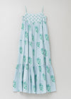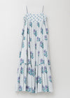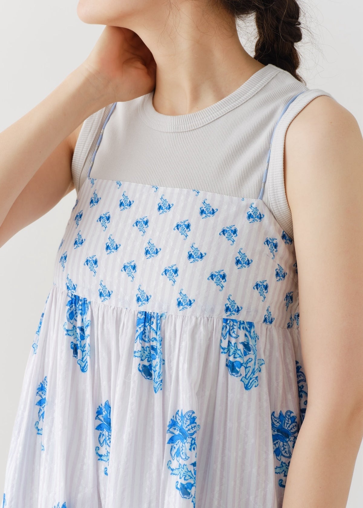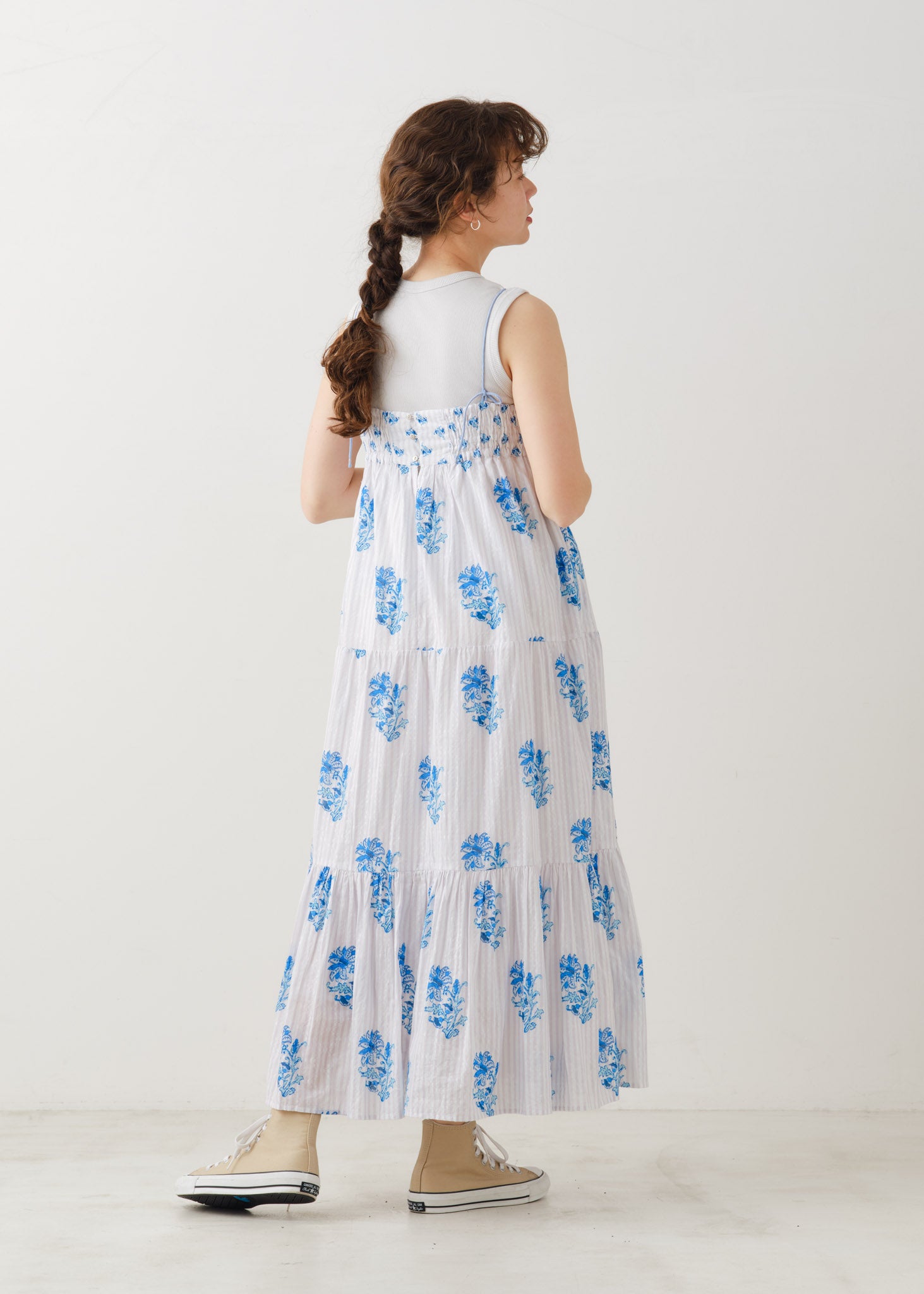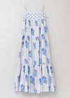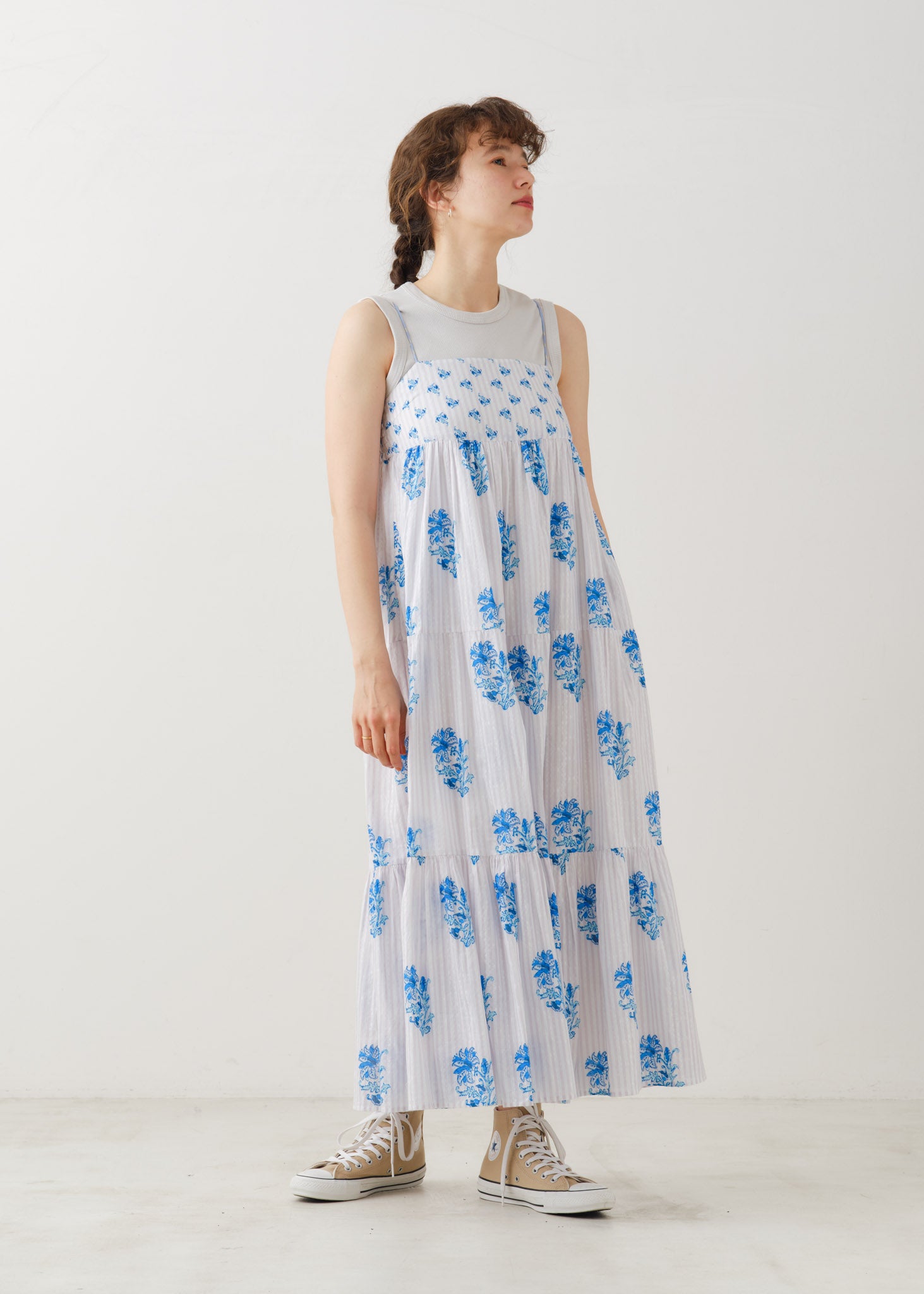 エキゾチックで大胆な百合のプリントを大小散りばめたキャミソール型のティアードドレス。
---
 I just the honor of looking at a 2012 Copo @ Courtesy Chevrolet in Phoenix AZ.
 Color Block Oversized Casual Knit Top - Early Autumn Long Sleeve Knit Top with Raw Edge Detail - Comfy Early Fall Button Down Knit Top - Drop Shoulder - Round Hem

# WHAT IS BEING ASKED
Exact duplication is required for the lines above, from the line that contains "I just the honor" to the line that contains "Color Block Oversized", inclusive; omit all others.

# SOLUTION FOR THIS PROBLEM
 I just the honor of looking at a 2012 Copo @ Courtesy Chevrolet in Phoenix AZ.
 Color Block Oversized Casual Knit Top - Early Autumn Long Sleeve Knit Top with Raw Edge Detail - Comfy Early Fall Button Down Knit Top - Drop Shoulder - Round Hem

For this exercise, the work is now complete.